In an eye-opening new study published in the journal Ecological Economics, researchers from the Institute of Environmental Science and Technology at Universitat Autònoma de Barcelona (ICTA-UAB) have unveiled the staggering scale of resource and labor appropriation from Latin America by the Global North. Through rigorous data and statistical analysis, this groundbreaking research quantifies the unequal exchange embedded in international trade, shedding light on the persistent economic dependencies and ecological injustices underpinning the global economy.
The comprehensive study maps out how, in the year 2020 alone, Northern economies net appropriated over 900 million tonnes of natural materials from Latin America. This haul includes a wide spectrum of primary resources, such as biomass, minerals, metals, and fossil fuels, illustrating an extractive trade relationship that perpetuates resource depletion in the Global South. Coupled with this resource extraction is the appropriation of a colossal 4 million square kilometers of land and 53 billion hours of human labor, further underscoring the deep economic imbalance between regions.

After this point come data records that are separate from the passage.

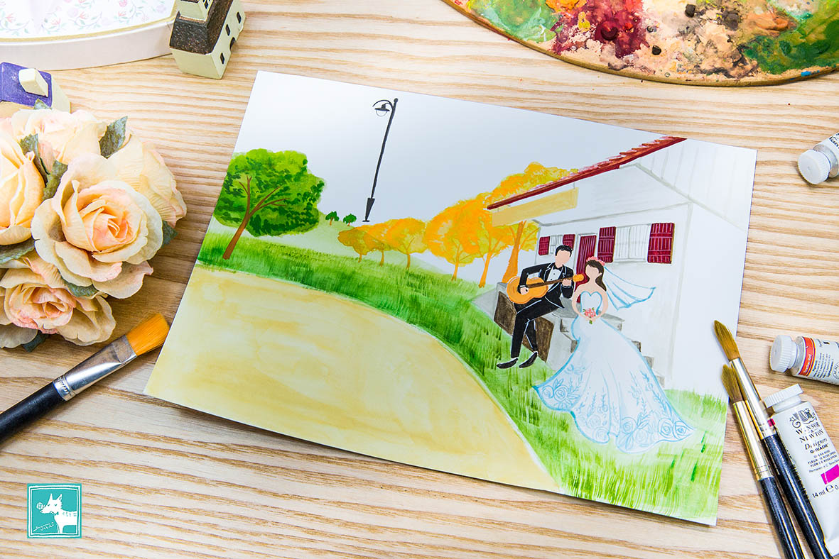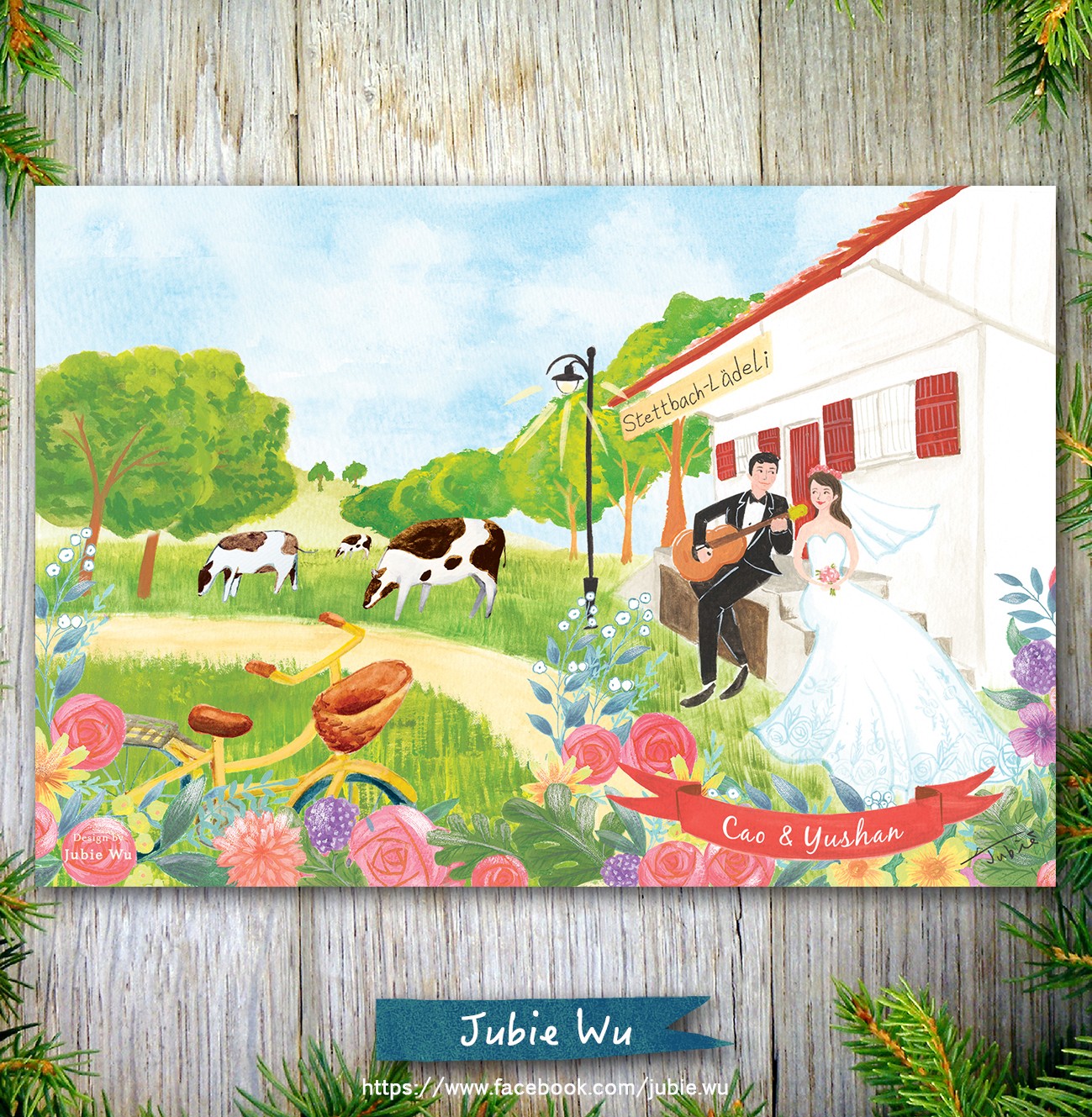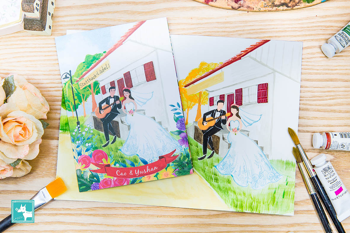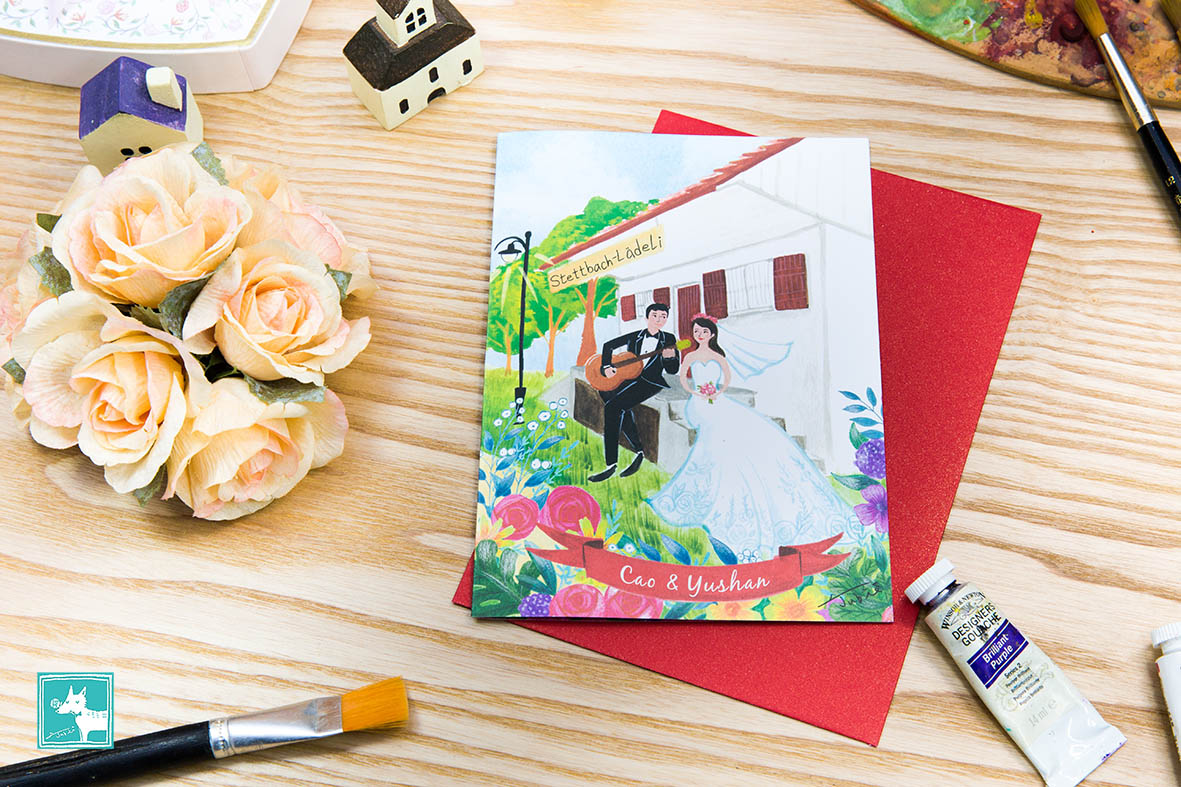 瑞士的新人透過網路洽談,給Jubie看了一張又一張美好寧靜的鄉村景致,「這是在我們家附近,每天都會經過的雜貨店,想把它畫進喜帖裡。」非常可愛的小雜貨店,靜靜地站在鄉村草坪上,像是最可靠的鄰居,守護著我們的愛情,和嶄新的生活!
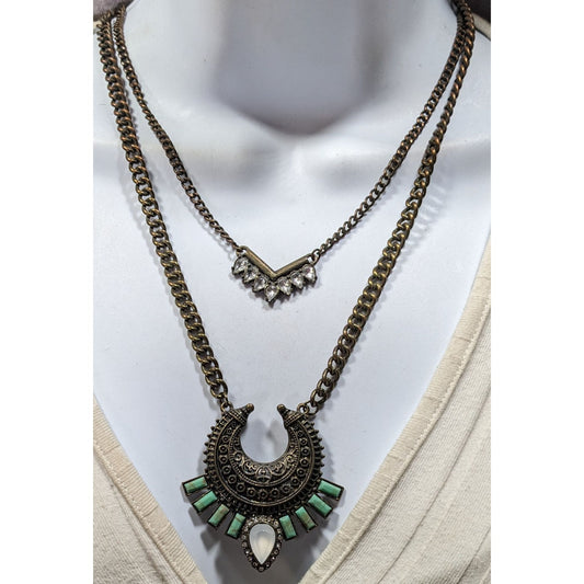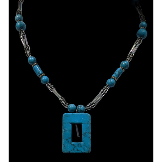 Geometric Faux Turquoise Pendant Necklace With Beaded Chain & Adjustable Clasp
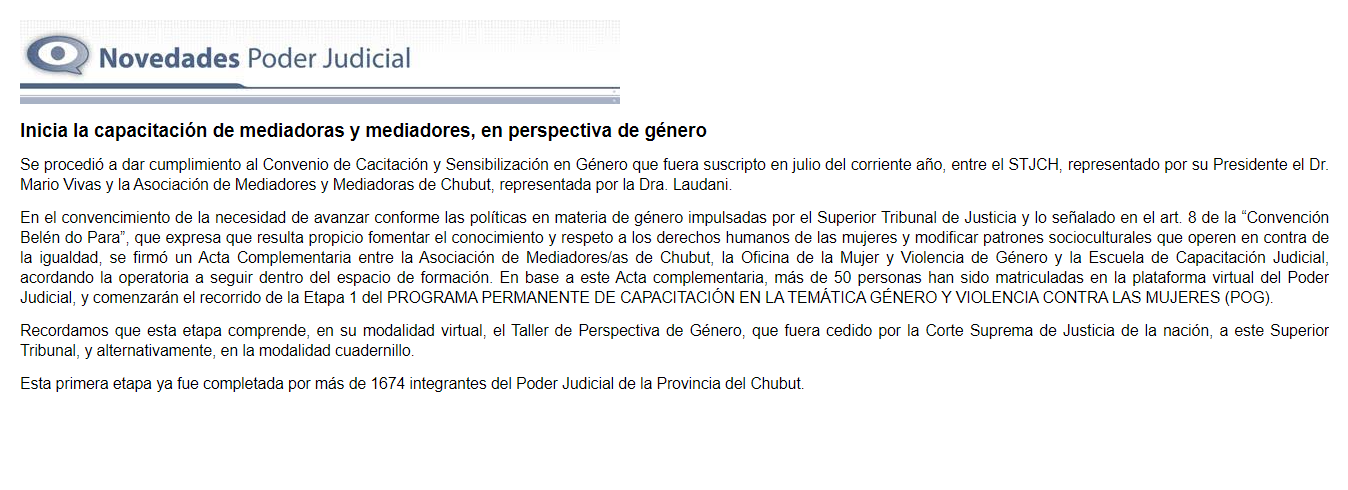 {fa-newspaper-o color=rgb(167,167,167)} El 94% del Poder Judicial de Chubut ya recibió una primera capacitación en perspectiva de género
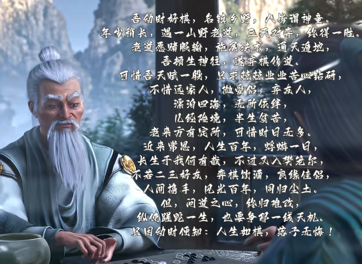 比拟于墨医生,何仙师还有些不同。在年少时,何仙师是一个名震乡野的神童棋手,因为碰见一个会法术的老说念,他才弃棋修说念,放胆家东说念主修说念,但因为禀赋一般,终究是半生勤苦。这么的景象下,何仙师偶尔也念念过赋闲百年的过平凡的糊口,但依然念念要争那一线天机,因为他知说念:东说念主生如棋,落子无悔!
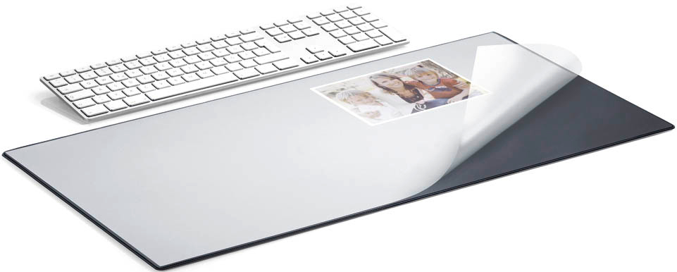 Die Computerarbeitsplätze bieten sich geradezu an für eine neue Dimension von Schreibunterlagen. Das ComputerPad Cover im Format 65 x 34 cm nimmt den Platz vor dem Bildschirm optimal ein. Fotos, Visitenkarten oder Notizen können unter der transparenten Vollsichtplatte gelegt und aufbewahrt werden. Umweltfreundliche Schreibunterlage aus neu entwickeltem Polypropylen, 100% phthalatfrei "ohne Weichmacher". Die angenehme und geschmeidige Oberfläche garantiert einen hohen Schreibkomfort. Die abgerundeten Ecken und feiner Ziernaht verleihen der Schreibunterlage einen eleganten Look. Rutschfester Rücken. Vorder- und Rückseite sind abwaschbar.
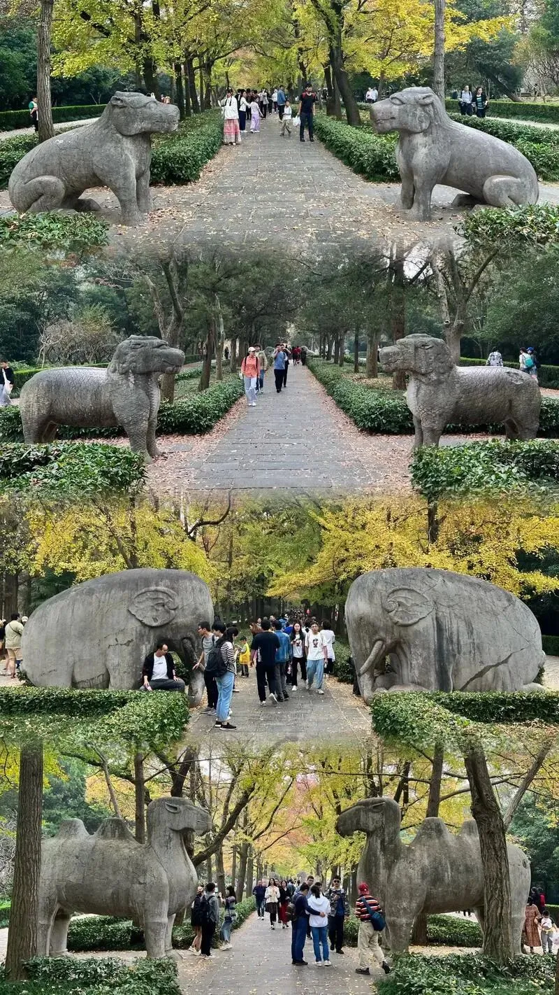 明孝陵的神道,依稀有曾被破坏后修复的痕迹,有耳朵被敲掉的,有鼻子被打掉的,有尾巴被破坏的。
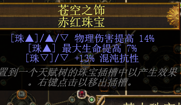 小珠宝选择:最大生命>持续伤害加成>混沌持续伤害>混沌抗性>物理伤害/混沌伤害/伤害
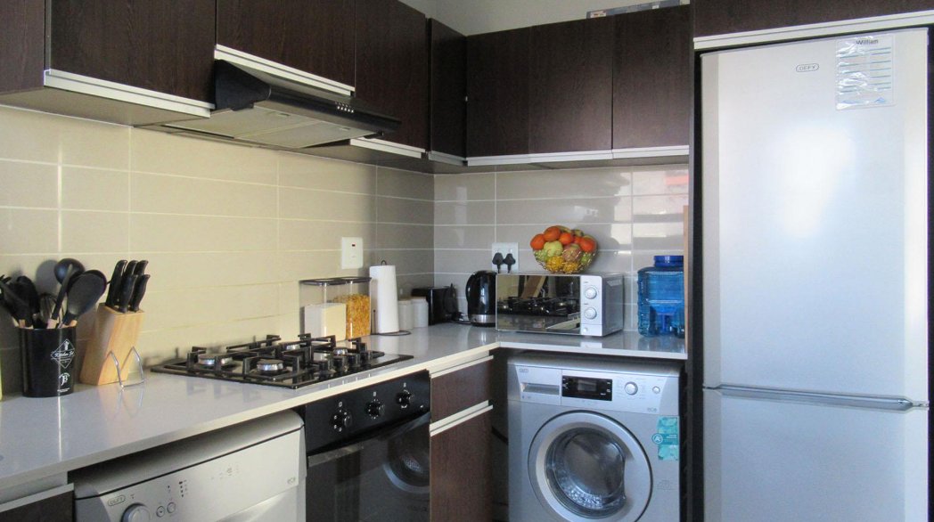 The apartment features a spacious bedroom with built-in cupboards and a full bathroom, complete with both a shower and bathtub. The open-plan living area flows seamlessly into a contemporary kitchen, making it the perfect space to relax or entertain.
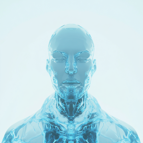 A sleek, dark black background with a glowing blue gradient light from the center, illuminating a male figure with strong, healthy hair. The man is looking confident and vibrant, with light reflecting off his hair to symbolize growth and vitality. A bright, shiny light in the middle adds a futuristic feel, with a subtle yellow accent in the corner matching the sleek design
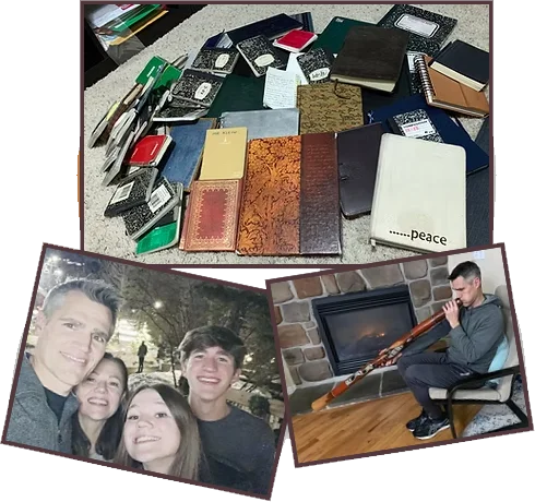 I love being with my family. I also like thinking of questions to answer, problems to solve, games to play, and songs to sing–which means doing a lot of writing and doodling journals and notebooks.
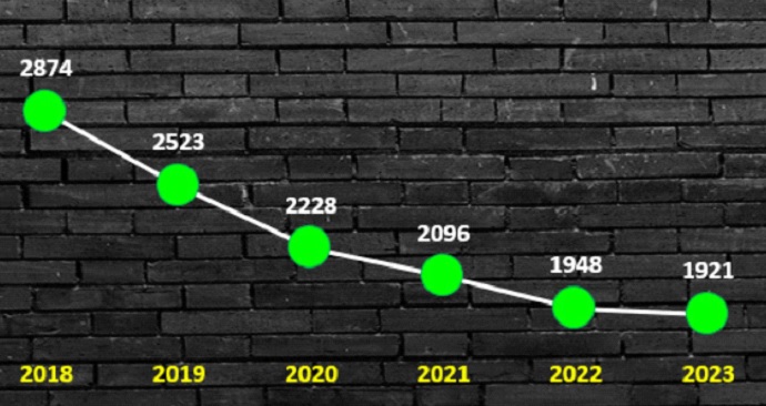 CARATINGA – Os números de criminalidade estão tendo redução histórica na área de atuação do 62º Batalhão de Polícia Militar, sediado em Caratinga. Dados fornecidos pela Unidade apontam em 2018, 2.874 furtos cometidos nesta região. Já em 2023, foram registrados 1.921 furtos. Uma redução de 33,2% neste tipo de delito ao longo deste período.
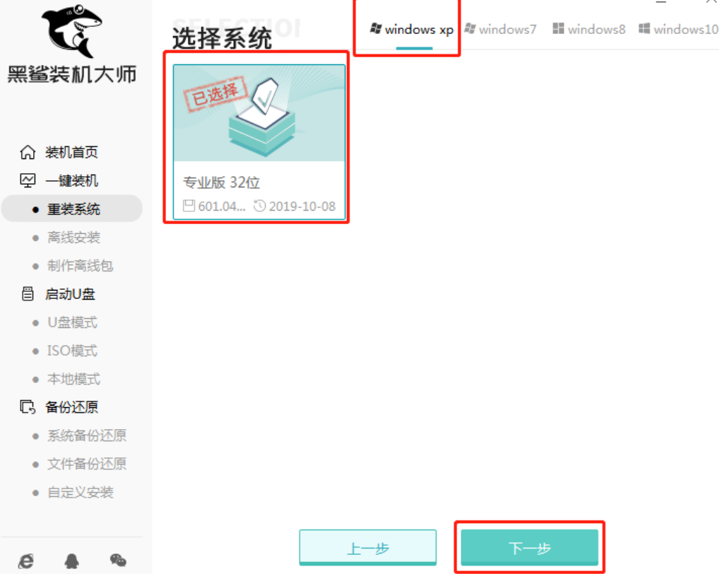 第三步在“windows XP”下选择系统文件后点击“下一步”。
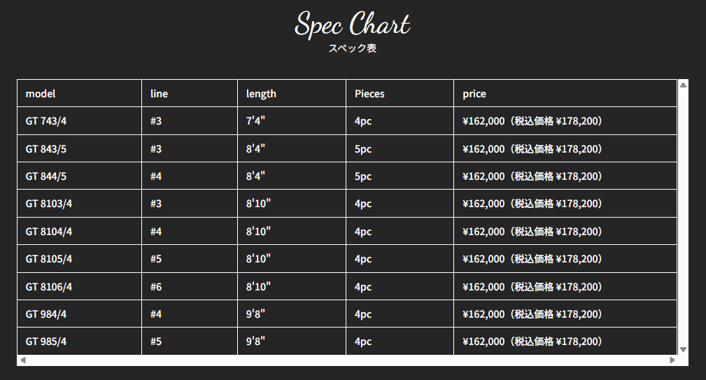 推奨ラインウェイト:115-125グレインGT 8103/4 8’ 10” 3 wt 4 pc
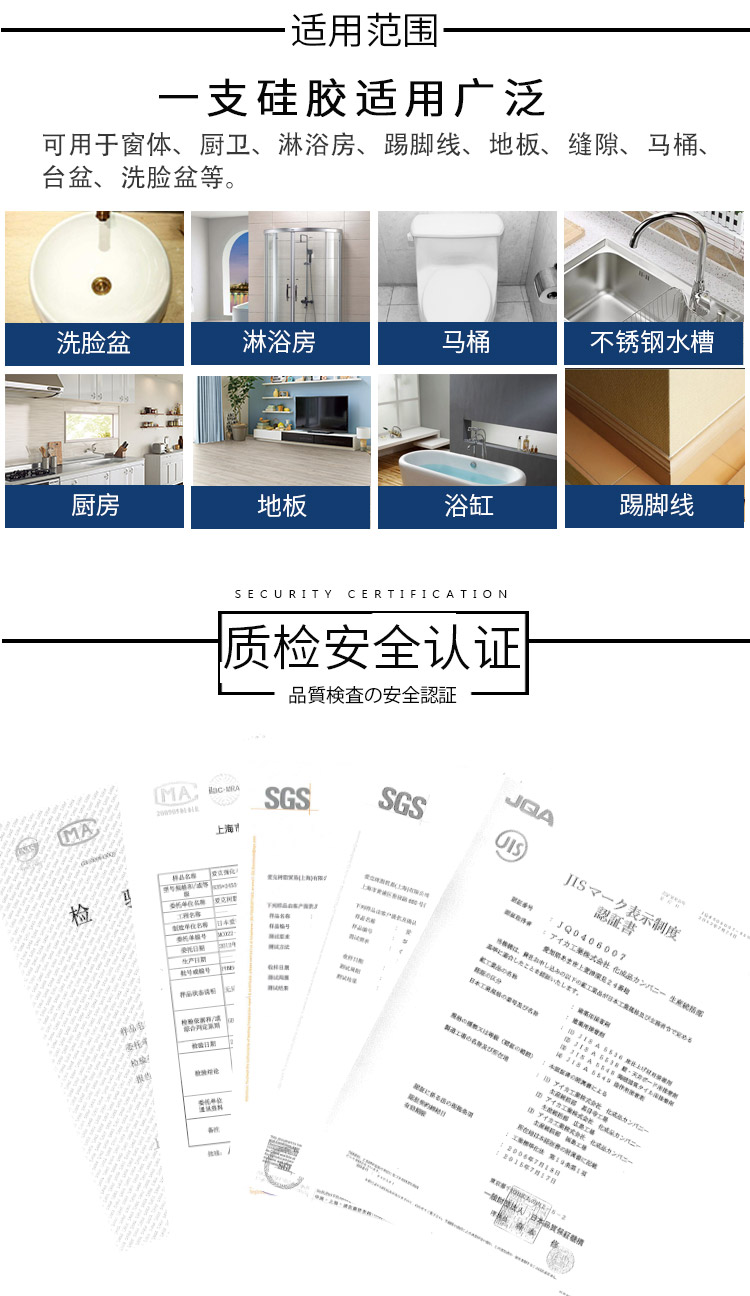 日本进口环保地板玻璃胶防水防霉厨卫马桶胶水中性硅胶密封胶灰色
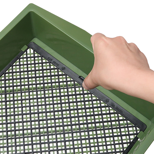 ・中の網をスライドさせるだけで、簡単に目の大きさを変更できます。
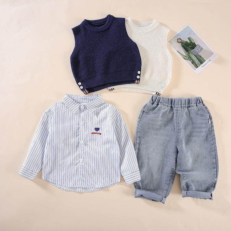 국경 간 아동복 2025 봄과 가을 셔츠와 소년 소녀를위한 조끼 어린 소년 외국식 스웨터 조수 브랜드 세트 3 종 세트
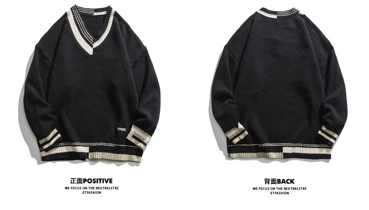 病みカッコイイ メンズファッション ストリートファッション ヒップホップ 個性的 裏原 スタンダードカラーVネックセーター レディースルーズスタイルカジュアル レトロ ストリート ✝ メンズファッション94360935783
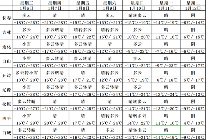 5日夜间吉林省大部分地区最低气温为-24~-21℃;6日白天通化地区最高气温为-11℃左右,其他大部分地区-18~-13℃,长春市5日夜间最低气温:-22℃,6日白天最高气温:-18℃。

By integrating analyses of embodied labor and natural resources, this research constitutes the first effort to jointly quantify these unequal exchanges, positioning them within the wider global economic machinery. The findings reveal that this dynamic operates not merely as transactional trade, but as a systemic transfer of value that fuels consumption and wealth accumulation in the Global North while simultaneously entrenching economic dependency and environmental degradation in Latin America.
Delving into a 25-year timeframe from 1995 to 2020, the analysis revealed that the Global North’s net appropriation of 935 million tonnes of vital materials from Latin America enabled disproportionate benefits for wealthier economies. This continues an entrenched pattern where Latin America remains specialized in raw material exports, with these resources subsequently converted into high-value manufactured goods and services consumed predominantly in the Northern hemisphere.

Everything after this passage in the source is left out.